WORK INSTRUCTION: Take the lines in the listing below from the line with "AI音声認識ソリューション「AmiVoice Communication Suite」です。「AmiVoice" up to and including the line with "You are looking" and set them down exactly, skipping pictures and adding nothing.

INPUT DATA:
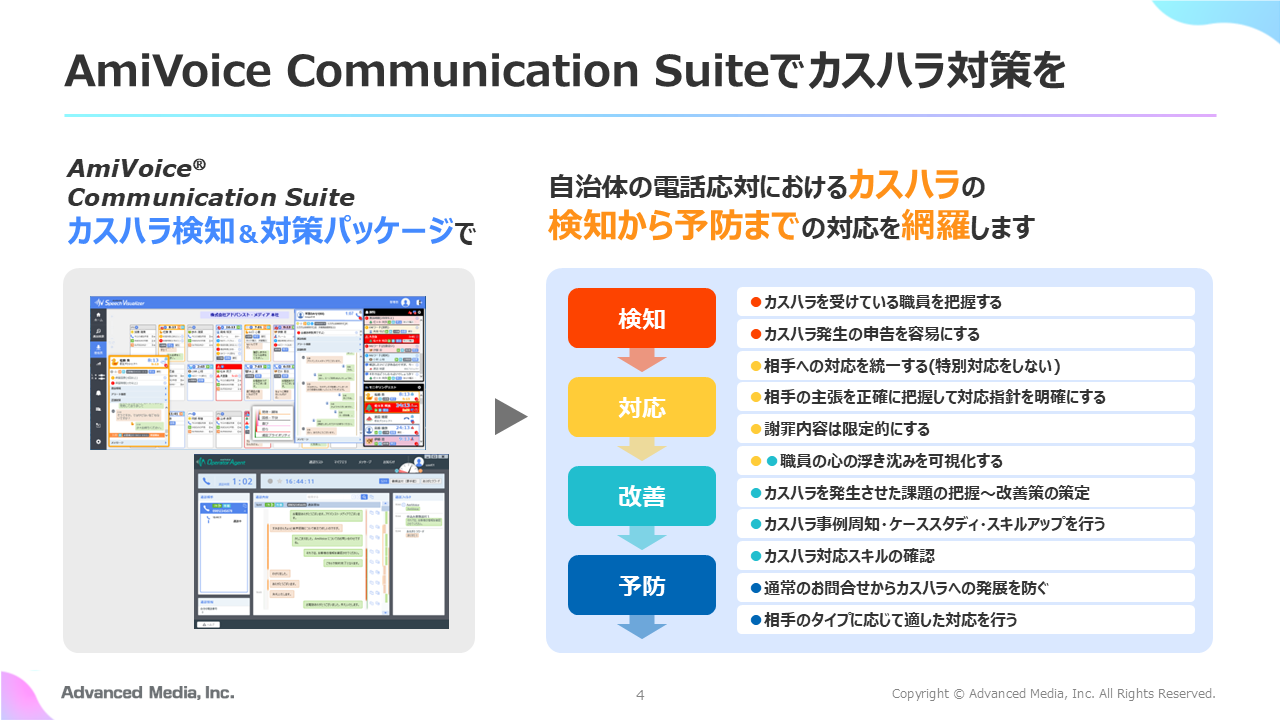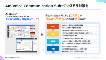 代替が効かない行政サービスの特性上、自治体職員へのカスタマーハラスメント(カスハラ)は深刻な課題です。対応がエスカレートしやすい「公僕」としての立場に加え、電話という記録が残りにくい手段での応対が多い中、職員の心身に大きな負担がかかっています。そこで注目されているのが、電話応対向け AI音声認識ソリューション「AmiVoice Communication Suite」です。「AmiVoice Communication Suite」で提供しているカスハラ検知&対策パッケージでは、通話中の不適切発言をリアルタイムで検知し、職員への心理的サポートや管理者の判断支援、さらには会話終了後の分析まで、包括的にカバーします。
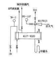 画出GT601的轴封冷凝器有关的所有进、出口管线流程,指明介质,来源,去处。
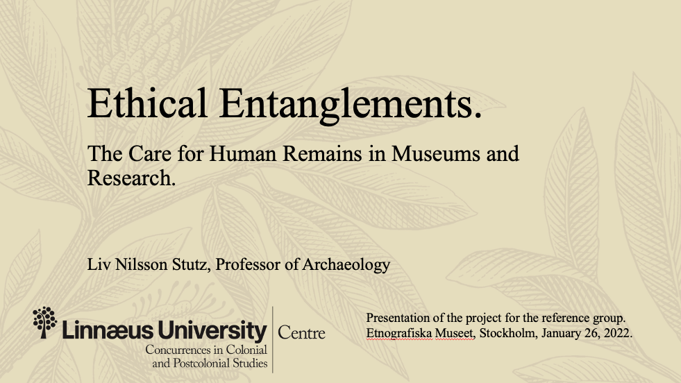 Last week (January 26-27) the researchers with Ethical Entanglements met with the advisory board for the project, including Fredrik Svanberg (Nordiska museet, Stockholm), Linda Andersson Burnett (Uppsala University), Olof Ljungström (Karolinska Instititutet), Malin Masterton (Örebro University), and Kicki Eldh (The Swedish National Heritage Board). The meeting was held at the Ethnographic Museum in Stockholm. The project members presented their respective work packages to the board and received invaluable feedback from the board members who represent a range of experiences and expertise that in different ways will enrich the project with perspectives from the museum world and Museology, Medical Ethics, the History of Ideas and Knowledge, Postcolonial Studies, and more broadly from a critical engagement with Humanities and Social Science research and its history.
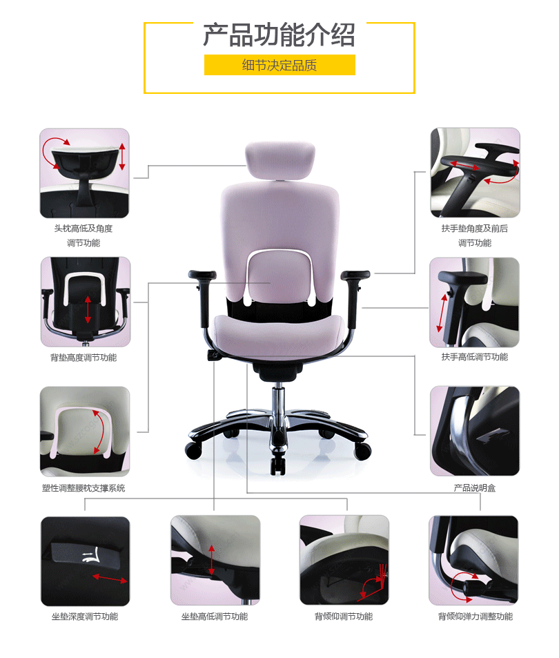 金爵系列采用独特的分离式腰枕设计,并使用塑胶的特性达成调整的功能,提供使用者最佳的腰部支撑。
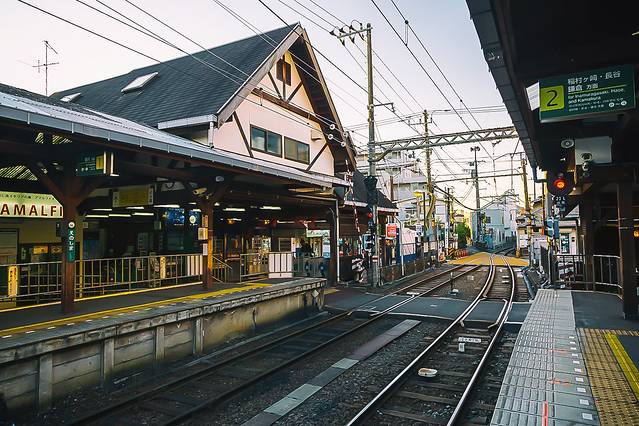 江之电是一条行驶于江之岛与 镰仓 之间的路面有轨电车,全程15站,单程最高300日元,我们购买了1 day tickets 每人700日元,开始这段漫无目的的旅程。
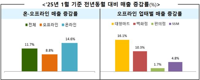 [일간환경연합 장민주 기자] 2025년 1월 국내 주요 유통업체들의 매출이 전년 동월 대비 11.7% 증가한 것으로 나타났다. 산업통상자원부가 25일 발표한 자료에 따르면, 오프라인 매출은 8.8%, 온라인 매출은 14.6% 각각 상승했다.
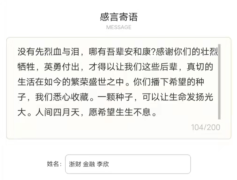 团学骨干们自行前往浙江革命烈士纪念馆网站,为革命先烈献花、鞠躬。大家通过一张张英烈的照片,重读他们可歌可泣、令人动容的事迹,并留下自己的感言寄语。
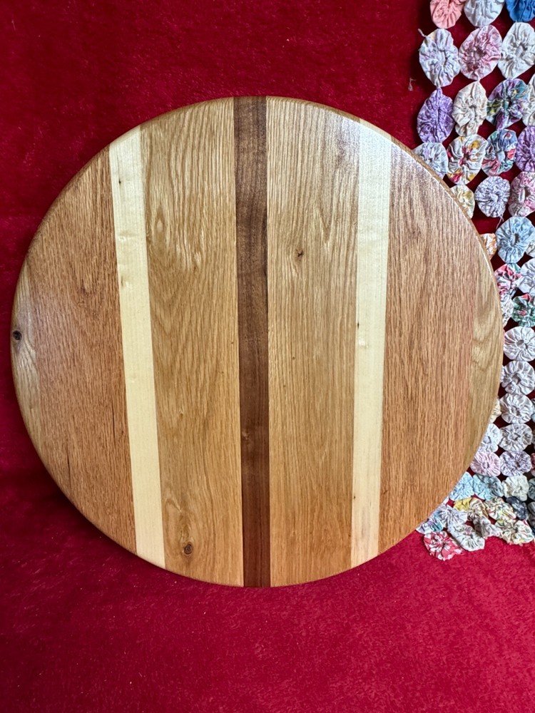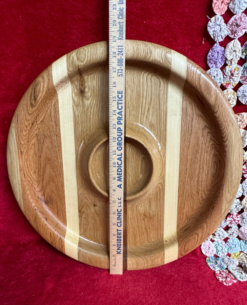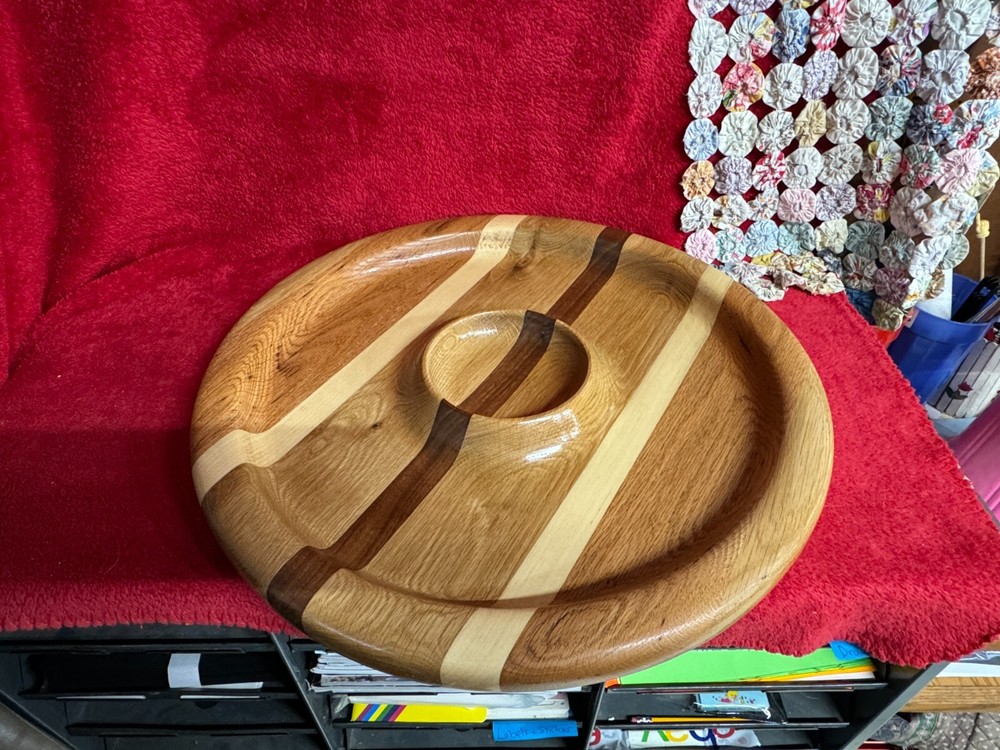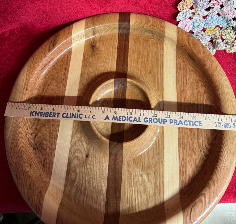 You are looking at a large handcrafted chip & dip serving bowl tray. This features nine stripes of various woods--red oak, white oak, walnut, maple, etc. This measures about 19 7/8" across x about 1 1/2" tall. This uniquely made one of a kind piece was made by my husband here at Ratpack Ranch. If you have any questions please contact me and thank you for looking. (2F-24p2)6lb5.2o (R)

---

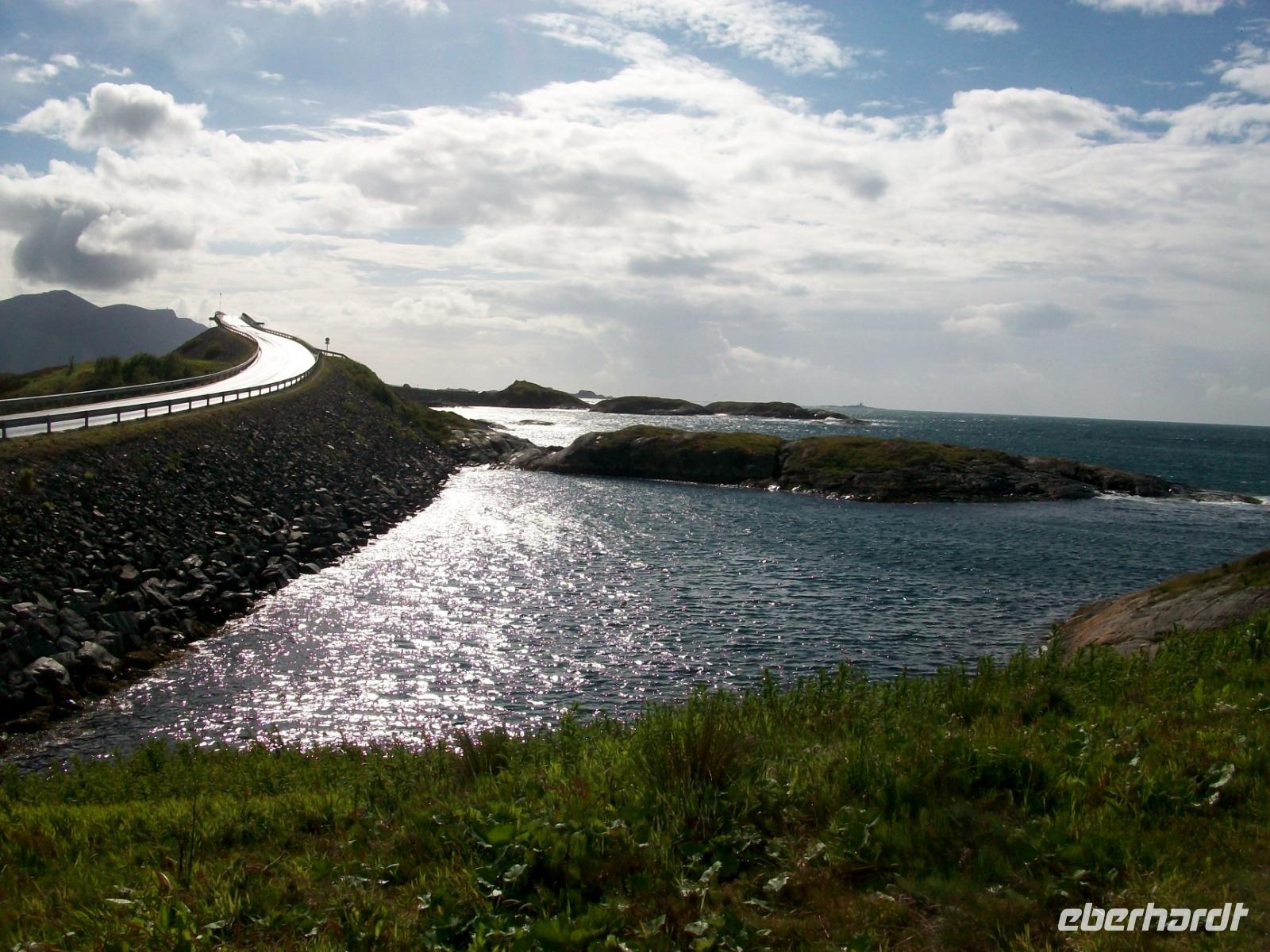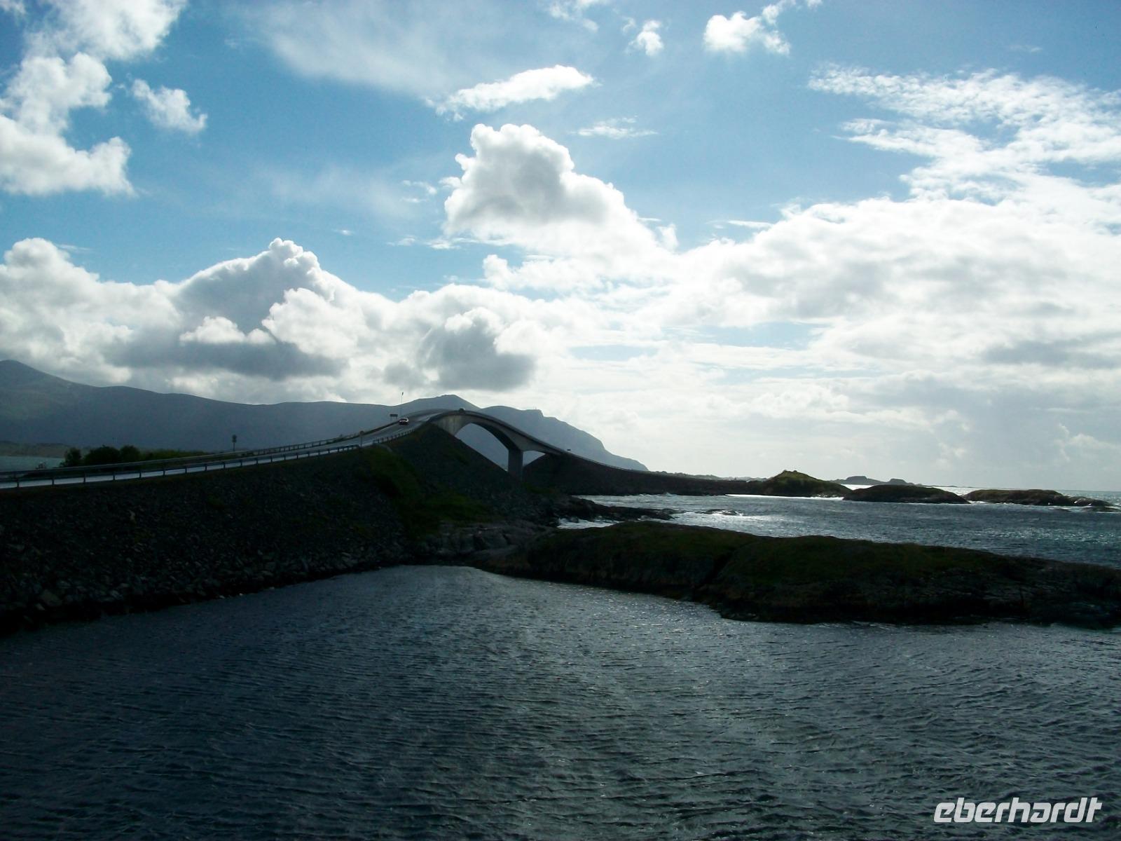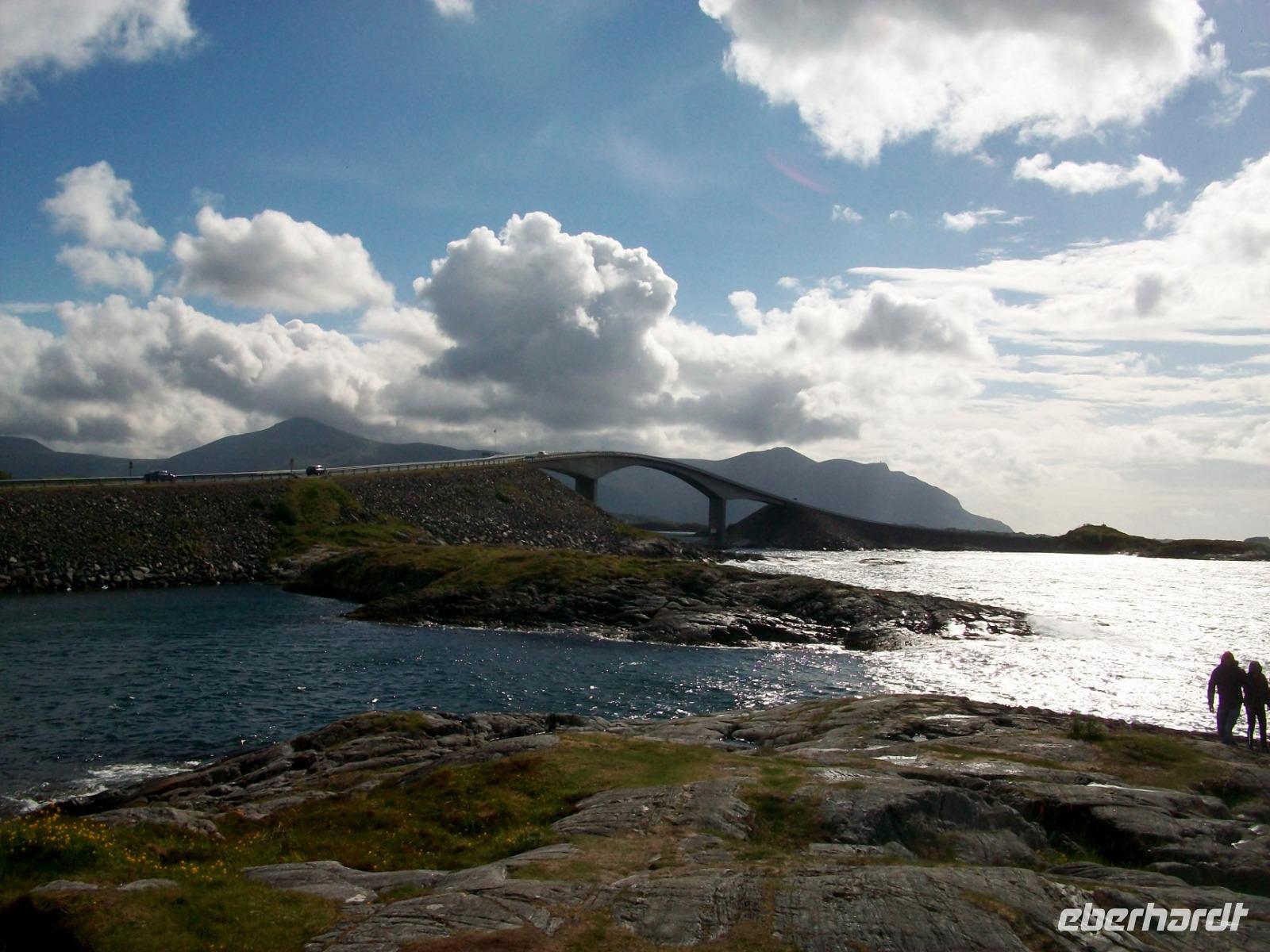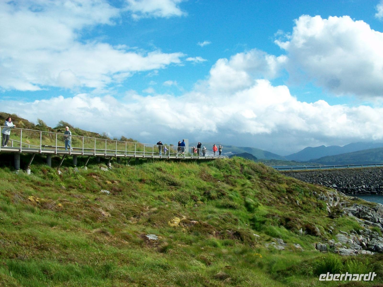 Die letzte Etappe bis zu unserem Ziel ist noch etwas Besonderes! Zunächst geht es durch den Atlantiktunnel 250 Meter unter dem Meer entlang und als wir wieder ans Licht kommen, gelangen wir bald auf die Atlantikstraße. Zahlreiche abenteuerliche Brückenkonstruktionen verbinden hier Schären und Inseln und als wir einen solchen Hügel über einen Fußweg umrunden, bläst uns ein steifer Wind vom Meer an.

RESULT BELOW:
 代替が効かない行政サービスの特性上、自治体職員へのカスタマーハラスメント(カスハラ)は深刻な課題です。対応がエスカレートしやすい「公僕」としての立場に加え、電話という記録が残りにくい手段での応対が多い中、職員の心身に大きな負担がかかっています。そこで注目されているのが、電話応対向け AI音声認識ソリューション「AmiVoice Communication Suite」です。「AmiVoice Communication Suite」で提供しているカスハラ検知&対策パッケージでは、通話中の不適切発言をリアルタイムで検知し、職員への心理的サポートや管理者の判断支援、さらには会話終了後の分析まで、包括的にカバーします。
 画出GT601的轴封冷凝器有关的所有进、出口管线流程,指明介质,来源,去处。
 Last week (January 26-27) the researchers with Ethical Entanglements met with the advisory board for the project, including Fredrik Svanberg (Nordiska museet, Stockholm), Linda Andersson Burnett (Uppsala University), Olof Ljungström (Karolinska Instititutet), Malin Masterton (Örebro University), and Kicki Eldh (The Swedish National Heritage Board). The meeting was held at the Ethnographic Museum in Stockholm. The project members presented their respective work packages to the board and received invaluable feedback from the board members who represent a range of experiences and expertise that in different ways will enrich the project with perspectives from the museum world and Museology, Medical Ethics, the History of Ideas and Knowledge, Postcolonial Studies, and more broadly from a critical engagement with Humanities and Social Science research and its history.
 金爵系列采用独特的分离式腰枕设计,并使用塑胶的特性达成调整的功能,提供使用者最佳的腰部支撑。
 江之电是一条行驶于江之岛与 镰仓 之间的路面有轨电车,全程15站,单程最高300日元,我们购买了1 day tickets 每人700日元,开始这段漫无目的的旅程。
 [일간환경연합 장민주 기자] 2025년 1월 국내 주요 유통업체들의 매출이 전년 동월 대비 11.7% 증가한 것으로 나타났다. 산업통상자원부가 25일 발표한 자료에 따르면, 오프라인 매출은 8.8%, 온라인 매출은 14.6% 각각 상승했다.
 团学骨干们自行前往浙江革命烈士纪念馆网站,为革命先烈献花、鞠躬。大家通过一张张英烈的照片,重读他们可歌可泣、令人动容的事迹,并留下自己的感言寄语。
 You are looking at a large handcrafted chip & dip serving bowl tray. This features nine stripes of various woods--red oak, white oak, walnut, maple, etc. This measures about 19 7/8" across x about 1 1/2" tall. This uniquely made one of a kind piece was made by my husband here at Ratpack Ranch. If you have any questions please contact me and thank you for looking. (2F-24p2)6lb5.2o (R)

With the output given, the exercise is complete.